- The Washington Times - Friday, July 18, 2003

RICHMOND — Officials with the Virginia Department of Motor Vehicles are asking people what legal documents first-time applicants should show clerks to obtain a driver’s license.

“Right now, this is an ever-evolving list and we want you to help us identify what documents we should be looking for [because] we don’t work for immigration,” the DMV’s outreach coordinator, Maxine Carter, told about a dozen people attending a public forum this week.

Ms. Carter’s comments come as DMV officials try to figure out how to implement a law that will require all first-time applicants for driver’s licenses or Virginia identification cards to show legal residence in Virginia. The law also applies to those seeking to reinstate a revoked license but not to those applying for a renewal. The law takes effect Jan. 1.

Legal presence can be determined by a U.S. birth certificate or passport. Noncitizens can show a resident alien card or an employment authorization card. They also can show a valid foreign passport with a visa or I-94 or I-94W cards, which record arrival and departure dates. All the documents must be originals.

Ms. Carter will travel across the state through the end of August to get ideas from the public on what documents should be included.

The DMV has convened a 10-member panel that has met twice to discuss ways to implement the law. It includes elected officials, immigrant-rights advocates and transportation officials.

The next meeting in the northern part of Virginia will be Monday in Winchester. The recommendations from these forums will be forwarded to the DMV panel.

“Basically, [is] this law to make sure no illegal aliens come in here and blow things up again?” asked Rebecca Cox, 20, of Richmond, who is concerned that native-born citizens such as herself will be in a Catch-22 under the law.

“I don’t know many 20-year-olds that carry their birth certificates around in their pockets, and my mother is not going to give it to me. The [Bureau of] Vital Records is not going to give me something without identification, so where does that leave me?” Miss Cox asked.

Marilyn Breslow, director of refugee and immigration services for the Archdiocese of Richmond, said she asked the DMV to have an outside agency help monitor documents because sometimes documents may “look sloppy but are still legal.”

“The I-94 card is a perfect example of this. You get this 3-by-5 card when you come in and keep it with you, and it can get ratty and torn, but you are still legal. Someone not familiar with this won’t know it,” said Mrs. Breslow, whose organization lobbied against the bill before lawmakers approved it earlier this year.

Gov. Mark Warner, a Democrat, signed the legislation in April after making it clear he wanted the measure to be implemented fairly.

The law is a result of extensive lobbying by antiterrorism groups that formed after the September 11 attacks to impose stricter rules on those applying for Virginia licenses and identification cards.

Several of the September 11 hijackers used fraudulently obtained Virginia identification cards to board the planes that were crashed into the World Trade Center and the Pentagon.

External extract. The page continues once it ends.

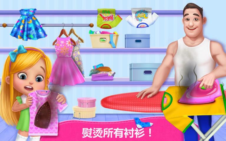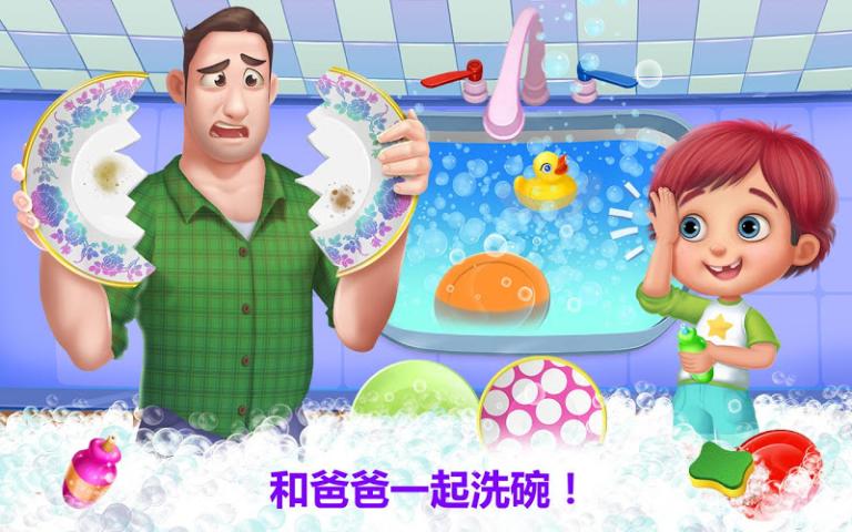 《爸爸的小帮手DaddysLittleHelper》是由TabTale提供的一款整理房屋的休闲游戏。糊涂的爸爸做不好任何事情!帮助爸爸打扫干净并整理好乱七八糟的房子!完成大量充满乐趣且吸引人的家务活,成为这一带最出色的小帮手!洗脏碗,准备晚餐,熨衣服,收拾客厅,等等!是时候照顾爸爸了!噢,这房子真是乱七八糟!你能照顾好爸爸,并在妈妈回家之前整理好房子吗?洗衣服,照料小狗,清洗脏厕所,等等!别忘了在冰箱上给妈妈留张爱心便条!帮忙打扫房子真是太疯狂了(尤其是当妈妈不在家时!)

Earlier this month, federal authorities arrested two clerks at the Tysons Corner DMV branch and four associates in a suspected $1 million scheme to produce and sell authentic Virginia driver’s licenses to unqualified applicants during the past five years. There is no evidence that the scheme was terrorism-related, U.S. Attorney Paul J. McNulty said.

“We were embarrassed once with the World Trade Center and were embarrassed again with Tysons Corner. What in this law is going to ensure this sort of thing does not happen again?” asked a 73-year-old Richmond resident who identified himself only as Eugene.

DMV Commissioner D.B. Smit, who is chairman of the 10-person panel, said the circumstances in the Tysons Corner case were not spelled out in the news accounts.

The agency is doing everything it can to ensure that documents issued by the DMV will be legal and go only to eligible people, he said.